Безусловно, на 100% этот риск предотвратить невозможно, и, конечно, оценка рисков – всегда субъективное явление. Понятно и то, что экономические преступления отличаются высокой латентностью, многие из них не становятся очевидными на ранних стадиях. Но в целом система выстроена таким образом, что у банков за прошедшие три года с момента принятия поправок появился, если можно так выразиться, хороший нюх на сомнительные операции, посредством которых легализуются теневые активы. Плюс к этому и Росфинмониторинг, и Центральный банк оперативно реагируют на возникающие риски, доводят до банков новые типологии, ориентируют их на определенные индикаторы риска. Это видно и по снижению объемов теневого вывода средств за рубеж, и по тому, что многие попытки развернуть площадки по обналичиванию средств купируются на ранней стадии.

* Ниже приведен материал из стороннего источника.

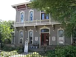 The house was built in 1879 in an Italianate style. It is rectangular with a brick façade over a wood frame. The north face is symmetrical with the front door centered under an arched transom.[2]
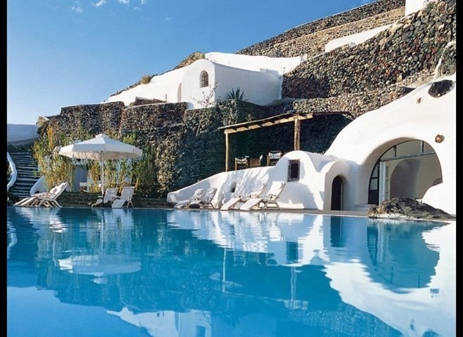 | Khách sạn Perivolas (Hy Lạp): Để tới khu resort ấn tượng này, bạn cần phải đi tàu. Nó cập bến tại khu mỏ đá bọt có từ thế kỷ 19. Tới đây, du khách được tận hưởng một bầu không khí mát mẻ, những giờ nghỉ ngơi sảng khoái ở bãi biển riêng và bể bơi của khách sạn. |

Мы понимаем, что основными участниками теневых схем являются структуры, которые раньше называли фирмами-однодневками, а сегодня при их определении используют более точное, на мой взгляд, название – «транзитные компании». Они пытаются встроиться в цепочки легальных финансовых потоков, создать определенные условия для теневого оборота, при этом подобные действия зачастую диктуются стремлением организаторов таких схем уклониться от уплаты налогов. Это, безусловно, может быть связано и с попытками незаконного вывода капиталов за рубеж, и с попытками незаконного обналичивания средств. На все эти явления необходимо реагировать, и мы видим, что комплексные инструменты, предложенные государством кредитным организациям, подтверждают свою эффективность.
NBJ: Но банки часто сетуют – или, по крайней мере, раньше часто сетовали – на то, что применение этих мер на практике оказывается для них затратным делом.
Г. БОБРЫШЕВА: Надо понимать, что недостаточные меры банков подпадают под надзорное реагирование Центрального банка. Кредитные организации, которые по тем или иным причинам уклоняются от участия в борьбе с теневыми потоками или пользуются предоставленным им инструментарием в декоративных целях, рано или поздно – и скорее рано, чем поздно – подпадают под усиленный контроль со стороны мегарегулятора.
NBJ: Но ведь есть такое правило: государство изобретает щит, а злоумышленники оттачивают меч. Иными словами, если против каких-то схем находятся меры вскрытия и противодействия им, то изобретаются другие схемы, более хитрые и еще не известные регулятору.
Г. БОБРЫШЕВА: Совершенно верно. В некотором смысле злоумышленники весьма изобретательны в постоянных попытках проведения новых схемотехник. Именно поэтому «антиотмывочная» система опирается на финансовые институты, которые на переднем фронте должны распознать и купировать подозрительные транзакции, обеспечивая прозрачность финансовых потоков.
NBJ: А каково участие Росфинмониторинга в этой борьбе? Скажем, вы видите, что какой-то банк имеет признаки вовлеченности в проведение сомнительных операций, и сигнализируете об этом регулятору рынка?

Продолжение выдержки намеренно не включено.